There is absolutely no way to do it directly. Kotlin copies a value for scalar types (Double
, Float
, Boolean
, Int
, etc.). So any internal changes are lost.
For any other type, Kotlin copy a reference of parameter passed to the function. So any property/field alteration of parameter, also changes the caller parameter.
There is no way to change this behaviour.
After trying many ways to overcome the impossibility of passing scalar by reference, as happens in Kotlin, Java and some other languages; my current strategy is using for any scalar type a plain and generic wrap, as an above comment suggest.
Recently, I'm using this trick for everything, including inside a function that otherwise would demand that I return multiple values. The alternative is joining the returns in a artificial class or destructuring declarations: val (a, b, c) = function-call()

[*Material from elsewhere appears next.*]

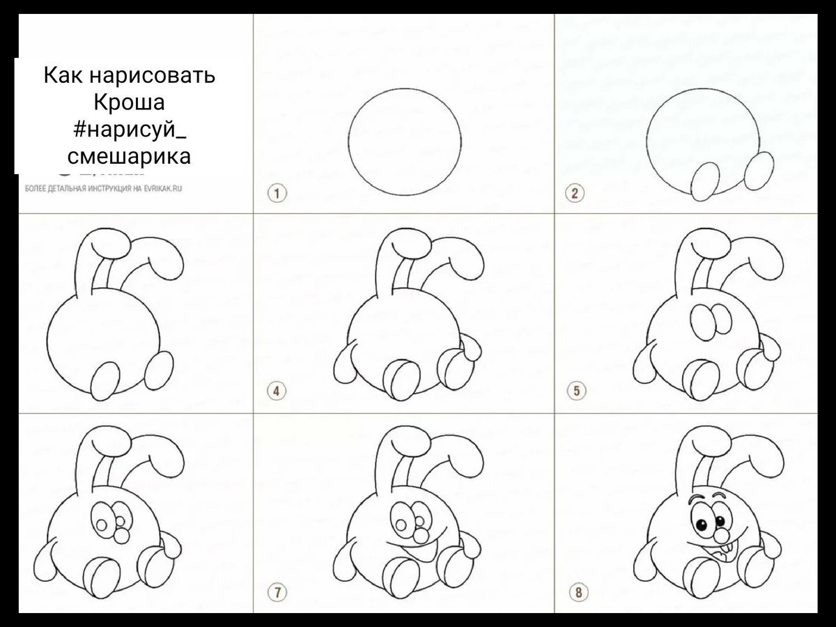![Нарисовать Кроша из смешариков поэтапно карандашом для начинающих]()

syntax. However, I hate articial classes and destructuring declaration is for local variables only, and it's annoying when some needs visibility out of current block of commands.
My code is very simple:
data class p<T>( // It's a generic wrap class for scalar type T
var v:T
)
fun <T>swap(a:p<T>, b:p<T>){ // It's a generic swap for scalar types
var aux:p<T> = a.copy()
a.v = b.v
b.v =aux.v
}
fun main() {
var a:p<Int> = p<Int>(2) // 'a' is a kind of 'Int' variable
var b:p<Int> = p<Int>(3) // and so is 'b'
swap(a,b) // Exchange 'a' and 'b' values
println(a.v) // 3
println(b.v) // 2
}
The only drawback is not being able to use syntax sugar of a real scalar type.
I am forced to add .v
on any use of a scalar variable.
I only uses that for variables that I need pass by reference in some function and it's not so common. I try, when possible, avoid collateral effects.